Computing itself is fine. I can still do most everything I used to do on my PC pre-popular internet. I have essentially no cloud services on my PC.

However, the internet itself is a dumpster fire. It always was, except you had to deliberately looking for those places and they tended to be isolated back in the day.

Of course monetization destroyed the internet with corporations doing everything possible to carve it up and shove their ads and billionaire-controlled media slant in front of you, and their engagement-bait feeding of lies and giving a platform to controversy and stupidity on social media.
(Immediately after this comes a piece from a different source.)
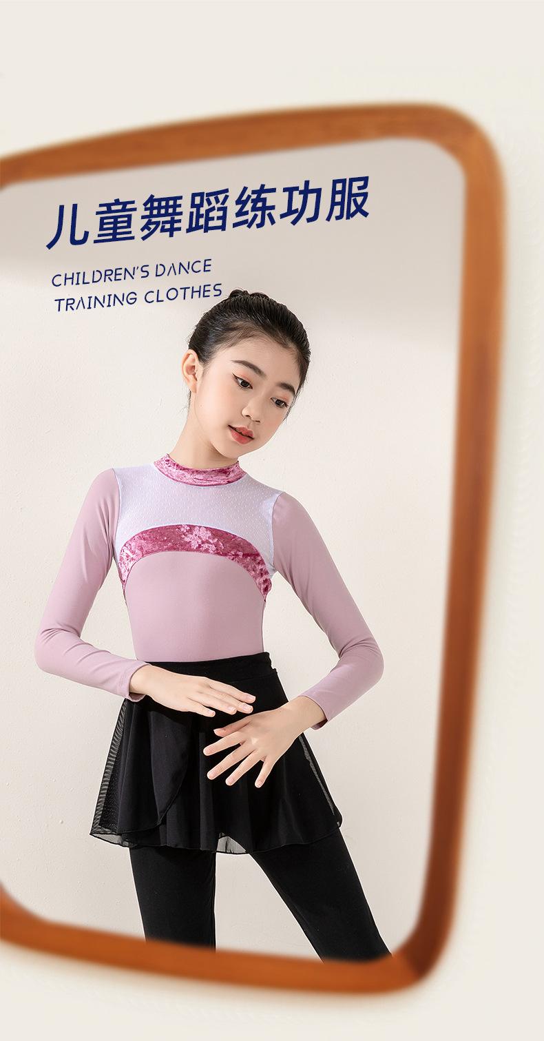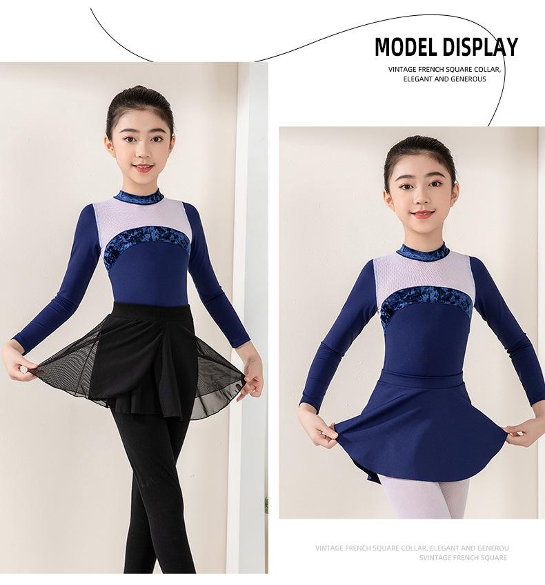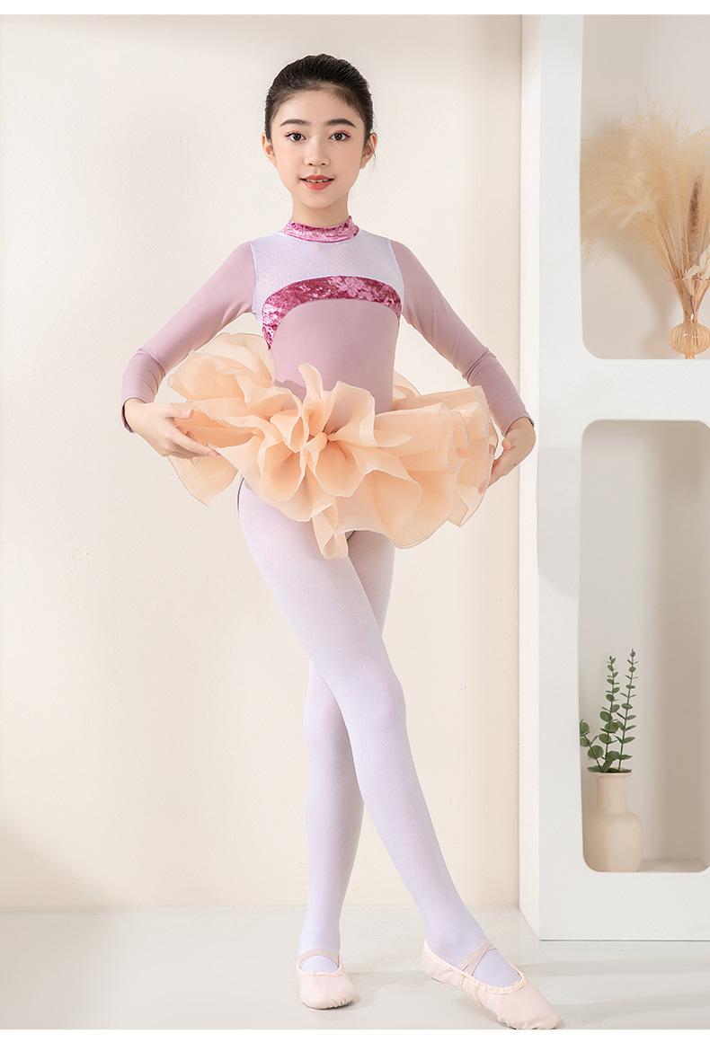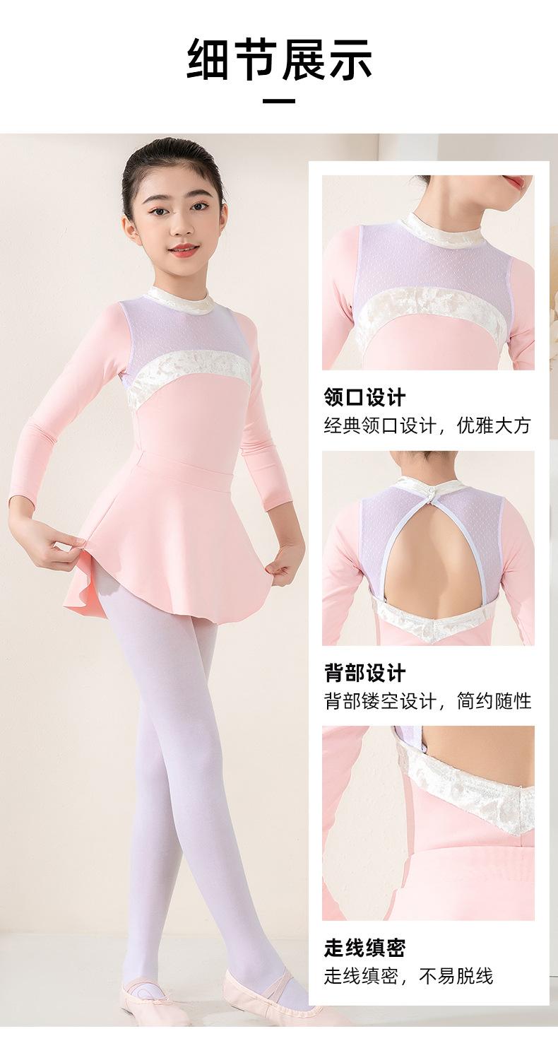 Traje de Danza para Niñas Traje de Entrenamiento de Color en Contraste Traje de Manga Larga de Otoño e Invierno Traje de Vestido de Ballet para Niños

Most all of the good spaces are gone. Very few exist in anything remotely close to their original form, they’ve been corporatized, disappeared, or swallowed up by places like Reddit.

[–] crashex@crazypeople.online 1 points 4 hours ago

I feel this. I used to find computers and the promises of the internet exciting. Then things slowly turned into what they are now, and these days I often can only see everything computer as a layer of bullshit that has been put on top of the real world to keep us in a trance and not engage with reality anymore. But a lot of good things came from being connected as well. Maybe it's like growing up and finding out a beloved parent was after all slightly abusive. And then see them decline in old age and have their worse traits worsened even more.
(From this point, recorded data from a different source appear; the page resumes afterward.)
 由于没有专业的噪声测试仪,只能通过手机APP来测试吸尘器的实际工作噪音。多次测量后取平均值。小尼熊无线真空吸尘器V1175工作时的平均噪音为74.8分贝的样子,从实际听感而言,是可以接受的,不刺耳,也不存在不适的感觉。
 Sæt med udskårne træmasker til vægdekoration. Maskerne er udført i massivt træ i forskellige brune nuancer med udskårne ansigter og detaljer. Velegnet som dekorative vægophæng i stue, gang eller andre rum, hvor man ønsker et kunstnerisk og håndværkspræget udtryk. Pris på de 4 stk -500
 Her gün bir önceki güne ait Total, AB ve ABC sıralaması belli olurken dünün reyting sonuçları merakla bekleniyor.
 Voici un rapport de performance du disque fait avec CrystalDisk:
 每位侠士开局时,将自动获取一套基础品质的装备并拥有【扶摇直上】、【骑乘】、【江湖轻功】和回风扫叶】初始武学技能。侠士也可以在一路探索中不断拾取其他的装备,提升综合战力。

Another image that comes to my mind frequently is that of the internet as the haunted shopping mall: It was once a shiny place, everyone went there, it was all the rage. Now most of the shops are boarded up, the few that are left seem rather dodgy, and the only visitors seem to be a bunch of drug addicts hanging out at the bottom of the out-of-service escalators.
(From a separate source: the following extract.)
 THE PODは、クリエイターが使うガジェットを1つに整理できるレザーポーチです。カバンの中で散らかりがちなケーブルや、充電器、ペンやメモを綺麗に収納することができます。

Currently I'm a bit lost trying to return to my analog hobbies. I draw, I paint, I play music, I scratch the donkeys. I often don't have the energy I wish I had to do things other than sit at a screen. Takes time to get used to it again I guess.

[–] Psiczar@aussie.zone 7 points 18 hours ago

If someone picks up a chair and hits a person with it, is the chair now evil? Should you avoid using chairs because of the potential hurt they can cause? Computers are the same.

Focus on the positive and don’t dwell on the negative. Play games, tinker with hardware and open-source software. Get off platforms like Reddit/Lemmy where negativity is much more pervasive.

Of course, if you find yourself “recoiling from all online spaces” then consider alternative hobbies that give you the same level of satisfaction.

[–] thatradomguy@lemmy.world 2 points 14 hours ago (1 children)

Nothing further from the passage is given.